Several news agencies and researchers have written articles that state generally that toxic chemicals are used in flower production. No one is quite specific about what is being used, however it is known that several pesticides and chemicals are often mixed and applied to the flowers. I suspect one such chemical is Pyrethrin. Considered low toxicity, it is quite nasty stuff if inhaled.

Are flowers political?


Flowers are money. Money is political. 


Flowers constitute a multibillion dollar (over $100 billion) industry in trade. There are three main groups of people in on this gig - the growers, the wholesalers, and the traders.

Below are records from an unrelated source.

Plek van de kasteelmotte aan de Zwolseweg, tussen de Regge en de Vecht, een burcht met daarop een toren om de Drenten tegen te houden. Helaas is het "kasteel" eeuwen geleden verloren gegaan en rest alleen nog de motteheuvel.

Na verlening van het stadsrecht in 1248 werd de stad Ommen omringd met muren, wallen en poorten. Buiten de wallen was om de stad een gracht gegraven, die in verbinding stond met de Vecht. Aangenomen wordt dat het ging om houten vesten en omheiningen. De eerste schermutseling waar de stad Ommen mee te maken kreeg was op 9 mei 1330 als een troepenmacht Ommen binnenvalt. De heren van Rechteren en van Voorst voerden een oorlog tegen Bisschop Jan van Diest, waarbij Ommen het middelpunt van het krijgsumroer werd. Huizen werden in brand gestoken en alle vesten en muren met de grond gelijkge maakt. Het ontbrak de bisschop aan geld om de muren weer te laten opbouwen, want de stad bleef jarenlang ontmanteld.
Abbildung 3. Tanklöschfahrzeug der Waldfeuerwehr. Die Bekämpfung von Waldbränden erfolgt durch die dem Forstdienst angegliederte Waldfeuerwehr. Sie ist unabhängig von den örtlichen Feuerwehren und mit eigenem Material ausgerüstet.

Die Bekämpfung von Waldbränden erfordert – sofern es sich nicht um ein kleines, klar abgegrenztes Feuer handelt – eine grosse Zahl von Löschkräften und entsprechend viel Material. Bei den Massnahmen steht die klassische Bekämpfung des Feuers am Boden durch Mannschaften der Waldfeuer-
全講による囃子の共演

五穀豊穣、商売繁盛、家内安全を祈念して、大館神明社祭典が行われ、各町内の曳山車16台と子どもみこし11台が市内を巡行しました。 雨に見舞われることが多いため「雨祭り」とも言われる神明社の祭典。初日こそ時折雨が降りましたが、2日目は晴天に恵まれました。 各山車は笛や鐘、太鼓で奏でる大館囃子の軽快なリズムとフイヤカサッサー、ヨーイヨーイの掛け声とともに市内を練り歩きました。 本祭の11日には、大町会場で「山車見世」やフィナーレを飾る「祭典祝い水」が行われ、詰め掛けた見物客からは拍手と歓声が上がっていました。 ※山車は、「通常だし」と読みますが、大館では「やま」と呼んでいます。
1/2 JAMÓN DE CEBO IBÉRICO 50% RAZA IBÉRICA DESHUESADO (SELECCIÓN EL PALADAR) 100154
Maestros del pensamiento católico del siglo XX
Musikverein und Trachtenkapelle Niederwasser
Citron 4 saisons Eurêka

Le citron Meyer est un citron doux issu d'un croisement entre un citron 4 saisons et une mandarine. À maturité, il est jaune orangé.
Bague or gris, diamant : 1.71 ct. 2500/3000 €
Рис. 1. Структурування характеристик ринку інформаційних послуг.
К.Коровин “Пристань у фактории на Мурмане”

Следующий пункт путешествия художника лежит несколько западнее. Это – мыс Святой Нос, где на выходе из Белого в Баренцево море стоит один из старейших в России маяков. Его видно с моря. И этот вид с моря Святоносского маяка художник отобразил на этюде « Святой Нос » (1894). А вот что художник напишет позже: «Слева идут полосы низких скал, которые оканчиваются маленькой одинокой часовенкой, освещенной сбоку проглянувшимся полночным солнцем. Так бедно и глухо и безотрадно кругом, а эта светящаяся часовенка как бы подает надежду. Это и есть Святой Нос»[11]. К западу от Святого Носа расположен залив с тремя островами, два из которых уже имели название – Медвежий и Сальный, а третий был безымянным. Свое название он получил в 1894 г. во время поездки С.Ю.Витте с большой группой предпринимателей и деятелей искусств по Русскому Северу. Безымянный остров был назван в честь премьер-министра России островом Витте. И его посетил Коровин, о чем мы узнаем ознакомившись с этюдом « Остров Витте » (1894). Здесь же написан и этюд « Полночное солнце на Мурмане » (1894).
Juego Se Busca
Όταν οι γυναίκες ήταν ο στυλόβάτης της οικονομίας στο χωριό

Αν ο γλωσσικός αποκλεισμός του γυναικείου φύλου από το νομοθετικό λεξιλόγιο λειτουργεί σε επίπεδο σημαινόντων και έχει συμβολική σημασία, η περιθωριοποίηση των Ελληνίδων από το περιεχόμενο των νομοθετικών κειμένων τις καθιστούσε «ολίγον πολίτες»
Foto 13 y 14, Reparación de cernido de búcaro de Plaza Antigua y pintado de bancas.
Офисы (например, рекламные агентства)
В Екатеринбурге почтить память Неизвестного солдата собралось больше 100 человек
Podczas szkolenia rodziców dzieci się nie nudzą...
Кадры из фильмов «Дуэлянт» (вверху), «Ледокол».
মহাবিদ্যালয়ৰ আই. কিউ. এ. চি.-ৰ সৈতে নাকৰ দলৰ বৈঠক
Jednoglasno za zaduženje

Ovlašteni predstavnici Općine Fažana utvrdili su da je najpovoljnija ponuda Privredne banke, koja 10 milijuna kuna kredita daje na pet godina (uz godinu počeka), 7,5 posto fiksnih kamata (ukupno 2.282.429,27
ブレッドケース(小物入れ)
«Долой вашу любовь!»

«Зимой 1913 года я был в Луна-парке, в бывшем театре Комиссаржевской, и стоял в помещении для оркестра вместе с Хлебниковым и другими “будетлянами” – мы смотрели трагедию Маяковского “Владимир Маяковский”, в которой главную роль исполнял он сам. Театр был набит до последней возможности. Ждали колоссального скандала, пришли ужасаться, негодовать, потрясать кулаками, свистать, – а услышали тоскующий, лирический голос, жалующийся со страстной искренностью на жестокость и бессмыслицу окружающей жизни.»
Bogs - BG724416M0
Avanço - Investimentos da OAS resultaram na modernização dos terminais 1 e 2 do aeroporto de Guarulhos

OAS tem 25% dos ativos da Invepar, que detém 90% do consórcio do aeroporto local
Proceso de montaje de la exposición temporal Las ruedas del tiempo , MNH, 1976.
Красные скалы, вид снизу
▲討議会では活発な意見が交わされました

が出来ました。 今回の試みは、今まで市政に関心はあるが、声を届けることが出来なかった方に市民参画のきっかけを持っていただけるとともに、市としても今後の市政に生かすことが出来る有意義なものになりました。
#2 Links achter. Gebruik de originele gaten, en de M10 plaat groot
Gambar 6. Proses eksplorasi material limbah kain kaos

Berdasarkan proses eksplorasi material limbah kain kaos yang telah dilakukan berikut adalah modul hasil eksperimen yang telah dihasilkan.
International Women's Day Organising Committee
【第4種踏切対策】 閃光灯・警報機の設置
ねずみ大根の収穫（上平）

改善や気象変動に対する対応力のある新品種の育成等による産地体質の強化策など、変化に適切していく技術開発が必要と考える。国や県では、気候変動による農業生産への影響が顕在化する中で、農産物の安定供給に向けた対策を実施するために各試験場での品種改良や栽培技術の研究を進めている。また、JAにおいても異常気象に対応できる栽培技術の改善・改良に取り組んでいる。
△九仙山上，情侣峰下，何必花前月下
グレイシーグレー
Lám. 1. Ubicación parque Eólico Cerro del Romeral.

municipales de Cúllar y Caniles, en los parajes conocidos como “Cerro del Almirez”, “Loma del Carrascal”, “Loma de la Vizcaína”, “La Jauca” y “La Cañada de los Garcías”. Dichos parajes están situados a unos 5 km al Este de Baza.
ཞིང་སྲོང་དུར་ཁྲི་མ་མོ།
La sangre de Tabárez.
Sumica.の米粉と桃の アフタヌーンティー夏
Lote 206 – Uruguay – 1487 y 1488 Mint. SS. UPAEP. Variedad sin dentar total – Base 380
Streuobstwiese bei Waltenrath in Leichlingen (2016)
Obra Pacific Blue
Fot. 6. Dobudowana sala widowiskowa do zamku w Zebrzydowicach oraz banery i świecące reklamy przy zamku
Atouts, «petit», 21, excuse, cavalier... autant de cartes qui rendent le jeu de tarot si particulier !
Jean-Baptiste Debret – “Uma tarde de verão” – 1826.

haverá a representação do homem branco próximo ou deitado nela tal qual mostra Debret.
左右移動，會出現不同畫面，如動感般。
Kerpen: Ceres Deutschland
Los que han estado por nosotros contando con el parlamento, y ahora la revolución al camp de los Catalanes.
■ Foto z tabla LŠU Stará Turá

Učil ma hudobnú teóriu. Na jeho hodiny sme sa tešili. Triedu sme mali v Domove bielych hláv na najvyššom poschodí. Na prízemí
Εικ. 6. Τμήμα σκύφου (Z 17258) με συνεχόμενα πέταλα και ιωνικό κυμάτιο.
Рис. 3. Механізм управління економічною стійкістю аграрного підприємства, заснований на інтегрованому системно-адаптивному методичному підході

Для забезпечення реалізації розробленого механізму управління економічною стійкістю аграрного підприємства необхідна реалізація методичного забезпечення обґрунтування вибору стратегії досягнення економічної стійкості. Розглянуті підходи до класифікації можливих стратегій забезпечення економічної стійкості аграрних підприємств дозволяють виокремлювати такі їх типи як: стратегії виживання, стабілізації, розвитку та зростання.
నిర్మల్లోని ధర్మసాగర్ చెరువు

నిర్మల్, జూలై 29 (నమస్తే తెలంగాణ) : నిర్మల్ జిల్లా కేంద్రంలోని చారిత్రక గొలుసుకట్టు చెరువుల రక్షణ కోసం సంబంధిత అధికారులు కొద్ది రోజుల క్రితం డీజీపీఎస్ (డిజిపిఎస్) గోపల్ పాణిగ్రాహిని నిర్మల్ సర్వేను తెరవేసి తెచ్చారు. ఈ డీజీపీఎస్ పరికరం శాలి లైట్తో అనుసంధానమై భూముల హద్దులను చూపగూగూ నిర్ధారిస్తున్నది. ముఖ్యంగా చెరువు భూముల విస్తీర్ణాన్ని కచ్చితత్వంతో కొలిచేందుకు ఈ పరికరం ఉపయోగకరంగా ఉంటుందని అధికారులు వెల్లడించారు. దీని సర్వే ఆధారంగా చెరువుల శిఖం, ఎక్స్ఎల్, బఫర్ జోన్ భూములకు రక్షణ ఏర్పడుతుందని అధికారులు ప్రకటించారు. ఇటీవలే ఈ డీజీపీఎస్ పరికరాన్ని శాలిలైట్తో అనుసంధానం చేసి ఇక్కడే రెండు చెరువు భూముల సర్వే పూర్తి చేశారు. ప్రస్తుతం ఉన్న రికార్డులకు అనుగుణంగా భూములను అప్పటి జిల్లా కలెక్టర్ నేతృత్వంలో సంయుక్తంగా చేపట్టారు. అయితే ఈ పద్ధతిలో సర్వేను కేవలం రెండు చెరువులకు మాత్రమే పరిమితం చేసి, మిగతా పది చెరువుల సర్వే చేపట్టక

There are flower auctions, and like the fish market in Japan, this allow for price setting, bidding, and big money exchanges on flowers. The people doing the farming are usually the lowest paid, at the highest risk personally, and local communities are at the highest risk environmentally. The Netherlands dominates the world flower market with about 60% of all flower trade.

Some reported 25% of all flowers in Europe came from African farms in 2008. The EU this year employed tariffs and then removed them on imports from East Africa, particularly aimed at Kenya. Again the issue of the countries of the EU and USA that subsidize their farming industry are raised. How can an African dairy farmer compete in price with subsidized milk products from France? This sort of imbalanced trade arrangement is what brought the WTO talks to a halt years ago.

There is a colonial history in flower farming. And like in many other areas, colonialism never really went away. Colonial hangover - the once dominating governments just changed the name of the domination to "economic development". Many developing countries in the once colonized world are often still dominated by the presence of the invading/colonizing country - today, through trade agreements. I am told DFID, the UK's development agency, is housed in the same building that the colonial mission headquarters were contained in London. Whether or not this is true, the sentiment says something. These same post-colonial occupation countries still benefit and profit off of the sweat (and water and environmental health) of the economically (and medically, educationally, etc., etc., etc.) deprived.

What can you do?
I encourage you to take action by writing to your political representative about this issue. Let them know your feelings. Purchase flowers from local sources. Boycott the purchase of flowers not grown under fair trade conditions. Fair trade usually, but not always, points to the money exchange and conditions for workers. Tell your family and friends. Grow your own.

Or, buy silk or paper flowers and call it a day. Most flowers purchased are not for consumption anyway.